--- START ---
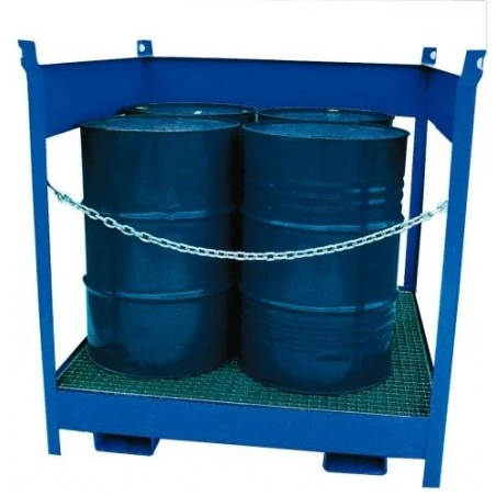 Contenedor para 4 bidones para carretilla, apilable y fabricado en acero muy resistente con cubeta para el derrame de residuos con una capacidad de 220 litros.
--- END ---
--- START ---
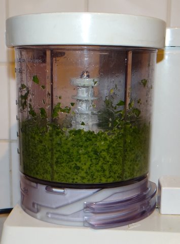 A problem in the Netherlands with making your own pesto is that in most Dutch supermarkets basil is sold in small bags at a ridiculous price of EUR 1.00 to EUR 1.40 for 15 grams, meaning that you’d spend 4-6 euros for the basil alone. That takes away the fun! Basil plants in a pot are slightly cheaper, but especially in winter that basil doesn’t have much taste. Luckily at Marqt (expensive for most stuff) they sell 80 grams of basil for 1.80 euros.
--- END ---
--- START ---
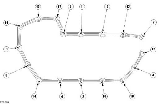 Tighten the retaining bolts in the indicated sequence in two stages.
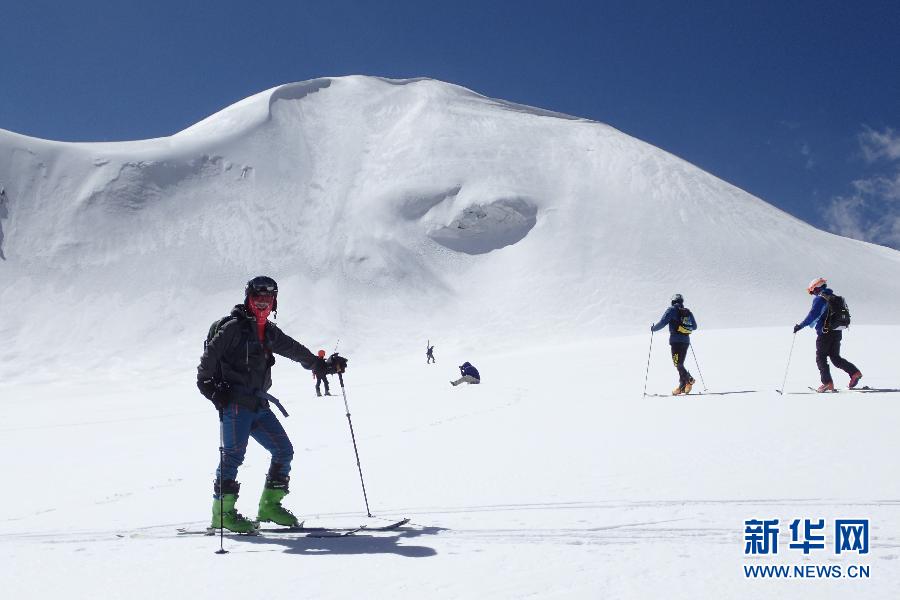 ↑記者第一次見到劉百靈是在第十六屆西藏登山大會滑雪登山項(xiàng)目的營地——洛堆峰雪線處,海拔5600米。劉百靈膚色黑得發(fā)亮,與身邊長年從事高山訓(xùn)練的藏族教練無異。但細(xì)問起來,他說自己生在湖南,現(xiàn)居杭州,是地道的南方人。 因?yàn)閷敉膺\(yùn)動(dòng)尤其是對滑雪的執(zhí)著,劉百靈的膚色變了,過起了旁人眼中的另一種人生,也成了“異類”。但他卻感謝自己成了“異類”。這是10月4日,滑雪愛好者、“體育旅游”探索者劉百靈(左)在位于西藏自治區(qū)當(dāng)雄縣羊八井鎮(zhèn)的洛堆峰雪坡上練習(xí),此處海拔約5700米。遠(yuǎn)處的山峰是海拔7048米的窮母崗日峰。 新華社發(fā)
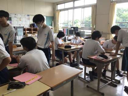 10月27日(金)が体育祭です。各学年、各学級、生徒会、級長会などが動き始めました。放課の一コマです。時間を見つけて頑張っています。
--- END ---
▸ **Aim of the task**
From the records above, extract the lines from the one holding "Tighten the retaining" through the one holding "10月27日(金)が体育祭で", word for word; omit the pictures.

▸ **Your response**
 Tighten the retaining bolts in the indicated sequence in two stages.
 ↑記者第一次見到劉百靈是在第十六屆西藏登山大會滑雪登山項(xiàng)目的營地——洛堆峰雪線處,海拔5600米。劉百靈膚色黑得發(fā)亮,與身邊長年從事高山訓(xùn)練的藏族教練無異。但細(xì)問起來,他說自己生在湖南,現(xiàn)居杭州,是地道的南方人。 因?yàn)閷敉膺\(yùn)動(dòng)尤其是對滑雪的執(zhí)著,劉百靈的膚色變了,過起了旁人眼中的另一種人生,也成了“異類”。但他卻感謝自己成了“異類”。這是10月4日,滑雪愛好者、“體育旅游”探索者劉百靈(左)在位于西藏自治區(qū)當(dāng)雄縣羊八井鎮(zhèn)的洛堆峰雪坡上練習(xí),此處海拔約5700米。遠(yuǎn)處的山峰是海拔7048米的窮母崗日峰。 新華社發(fā)
 10月27日(金)が体育祭です。各学年、各学級、生徒会、級長会などが動き始めました。放課の一コマです。時間を見つけて頑張っています。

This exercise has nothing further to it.